The most technically interesting decision is the color degradation. The renderer adapts to whatever your terminal supports: truecolor terminals get 24-bit Okabe-Ito palette colors, 256-color terminals get mapped approximations from a handpicked lookup table, basic terminals get 16-color ANSI, and piped output gets no escape codes at all. The detection checks COLORTERM and TERM environment variables, whether stdout is a TTY, and whether NO_COLOR is set (following the no-color.org convention).
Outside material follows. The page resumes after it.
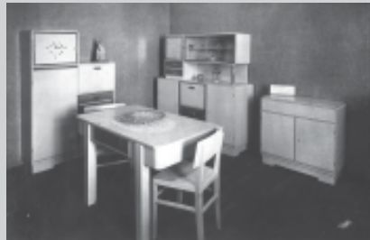
□ Slika kuhinje iz kataloga C.A.M.

The single-pipeline architecture paid for itself immediately. Three new comparison chart types shipped in one commit; under the old dual model, each would have required two implementations, two data models, and two test suites. The trade-off we accepted: BenchBox no longer generates HTML, PNG, or SVG charts. Users who need publication-quality visualizations can export the data (documented JSON schema) and use their preferred tools. For a CLI tool where the primary consumers are terminals and LLMs, inline ASCII is the right default.

What we learned¶

Output format should match consumption context. Browsers get HTML, notebooks get notebooks, terminals and LLMs get inline text. Map output to where users actually work.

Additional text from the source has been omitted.